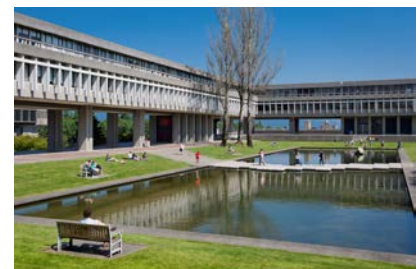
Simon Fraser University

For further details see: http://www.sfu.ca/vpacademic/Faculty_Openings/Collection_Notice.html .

* * *

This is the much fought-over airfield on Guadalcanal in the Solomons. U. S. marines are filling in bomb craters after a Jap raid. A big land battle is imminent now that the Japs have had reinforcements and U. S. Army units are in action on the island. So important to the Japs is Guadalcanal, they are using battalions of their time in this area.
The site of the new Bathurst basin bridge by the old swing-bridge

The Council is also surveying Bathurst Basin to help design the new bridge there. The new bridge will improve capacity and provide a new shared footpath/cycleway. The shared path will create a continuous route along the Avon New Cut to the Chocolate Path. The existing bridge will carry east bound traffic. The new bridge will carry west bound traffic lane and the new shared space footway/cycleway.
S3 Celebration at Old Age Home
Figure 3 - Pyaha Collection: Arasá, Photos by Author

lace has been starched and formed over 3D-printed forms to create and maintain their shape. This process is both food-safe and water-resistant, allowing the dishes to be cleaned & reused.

- Requirement: Please reproduce exactly the lines in the listing above from the one containing "The Council is" through the one containing "Figure 3 - Pyaha", both included, and nothing more.

- Solution to this problem:
The Council is also surveying Bathurst Basin to help design the new bridge there. The new bridge will improve capacity and provide a new shared footpath/cycleway. The shared path will create a continuous route along the Avon New Cut to the Chocolate Path. The existing bridge will carry east bound traffic. The new bridge will carry west bound traffic lane and the new shared space footway/cycleway.
S3 Celebration at Old Age Home
Figure 3 - Pyaha Collection: Arasá, Photos by Author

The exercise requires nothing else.